Dipping the wider tube b into the liquid and sucking at the india-rubber end, a sufficient vacuum may be produced if the bulb g be large enough, so that by keeping the tubing pinched with the finger enough liquid will enter to fill the apparatus.
The operation is complete when the liquid begins to drop out at a. The bulb is then removed, and the instrument placed nearly up to the level of the ends in a water-bath of the desired temperature. In the resulting changes of volume it will be seen that it is only in the wider capillary tube b that the level of liquid oscillates—that is to say, in the line of least resistance. In the narrower limb, it remains steady throughout at a. If at the desired temperature the liquid in the tube 6 stands outside the mark m, it can be adjusted by applying a piece of blotting-paper to the end a; if, on the other hand, it does not reach the mark, an additional drop of the solution may readily be introduced by applying it at a on the end of a glass rod; the capillary action of the tube sufficing to absorb it and carry forward the level of the liquid within 6.

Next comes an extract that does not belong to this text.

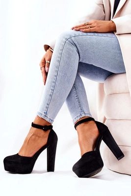Czółenka Damskie Na Słupku Zamszowe Czarne Florena

This operation is capable of so much exactness that in successive experiments, assuming the temperature to continue perfectly uniform, the weight of the charged instrument will not vary by more than 0.1 to 0.2 milligramme. In removing the apparatus from the water-bath and wiping it previous to weighing, it is obviously requisite to avoid touching the point at a. The emptying is done by again attaching the glass bulb and blowing out the contents of the tube; then a little alcohol and ether sucked into it will serve to rinse it out and dry it.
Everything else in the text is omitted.